═══ The data
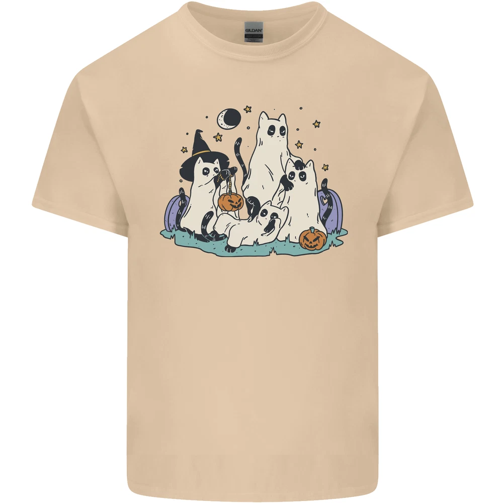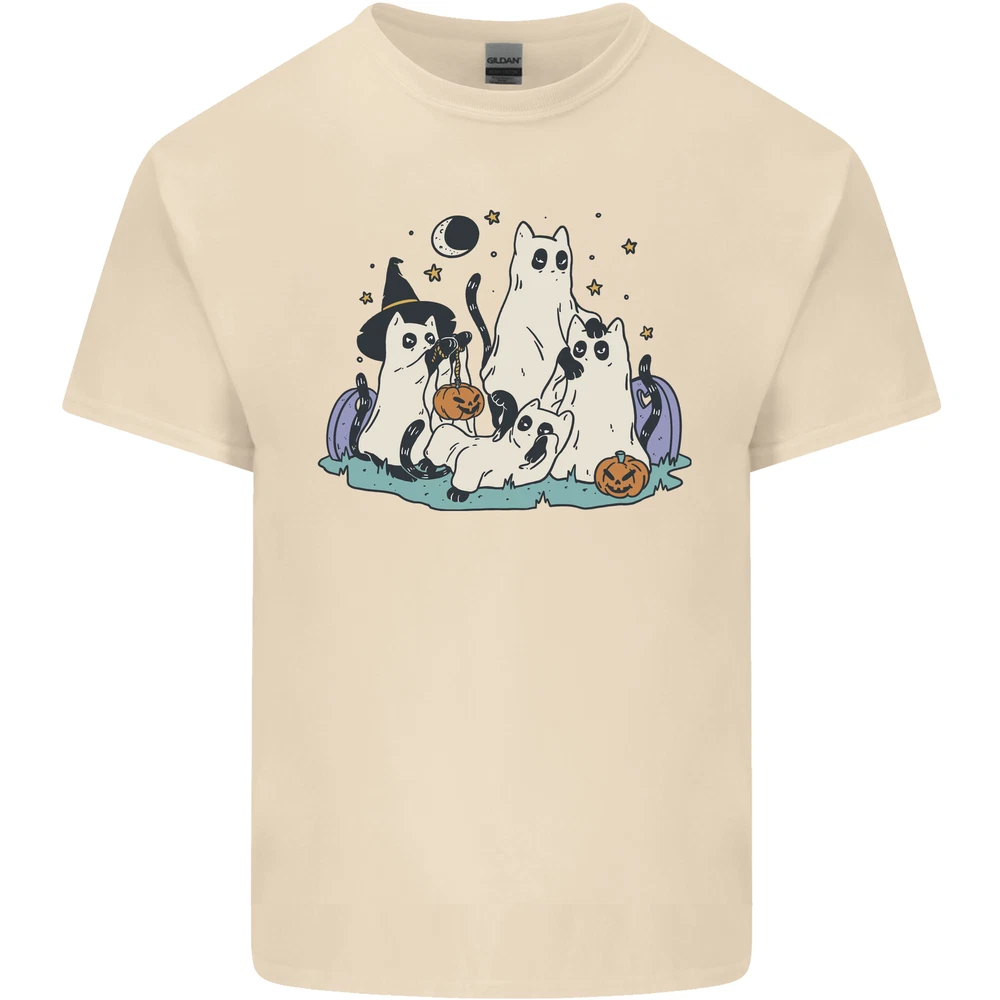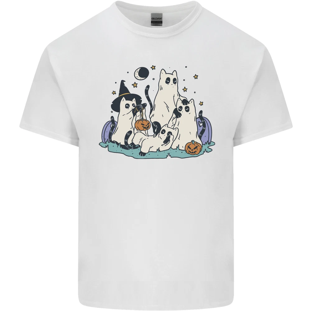 Ghost Cats Cute Halloween Mens Cotton T-Shirt Tee Top
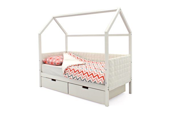 Кровать-домик легко превращается в целый замок для игр с помощью разноцветных тематических игровых накидок. Текстильная крыша на домике создаст ребенку уют и защищенное пространство.
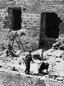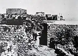 Am 4. Mai 1947 befreite die Irgun gewaltsam 200 Gefangene aus der Zitadelle von Akkon, die von den Briten als Gefängnis genutzt wurde.[10][12] Zu diesem Zweck sprengten sie von der heute in Erinnerung dieses Ereignisses Rechov Portzej ha-Mivtzar (רְחוֹב פּוֹרְצֵי הַמִּבְצָר ‚Straße der Einbrecher in die Festung‘; شارع اللص في القلعة, DMG Šāriʿ al-Laṣi fī al-Qalʿa) genannten Straße zugemauerte Öffnungen in der südlichen Mauer auf.[13] Das Irgun-Kommando hatte sich unbemerkt über das Dach des Ḥammāms gegenüber vom Gefängnis genähert.[14] Dabei wurden 41 Häftlinge befreit, die zu Irgun oder Lechi gehörten, und 214 weitere, vor allem arabische Gefangene, entkamen.[15][10] Inhaftierte Anhänger der Hagana lehnten die gewaltsame Befreiung ab und verblieben im Gefängnis.[15] In dem Gefecht, das sich außerhalb des Gefängnisses zwischen Einbrechern sowie palästinensischer Polizei und britischen Armeetruppen entwickelte, wurden drei der Eindringlinge und sechs der fliehenden Häftlinge getötet.[13] Dreizehn wurden gefangen, drei von ihnen – Avschalōm Ḥabīb (אַבְשָׁלוֹם חָבִּיבּ; 1926–1947), Me'īr Naqqar (מֵאִיר נַקָּר; 1926–1947) und Jaʿaqov Imre Weiss (יַעֲקֹב וַייְס; 1924–1947) wurden angeklagt und zum Tode verurteilt.[13]
══════
# Work to be completed
Leave the pictures out and reproduce exactly the lines from the top of the listing above through the line with "Кровать-домик легко превращается".

# Final answer
 Ghost Cats Cute Halloween Mens Cotton T-Shirt Tee Top
 Кровать-домик легко превращается в целый замок для игр с помощью разноцветных тематических игровых накидок. Текстильная крыша на домике создаст ребенку уют и защищенное пространство.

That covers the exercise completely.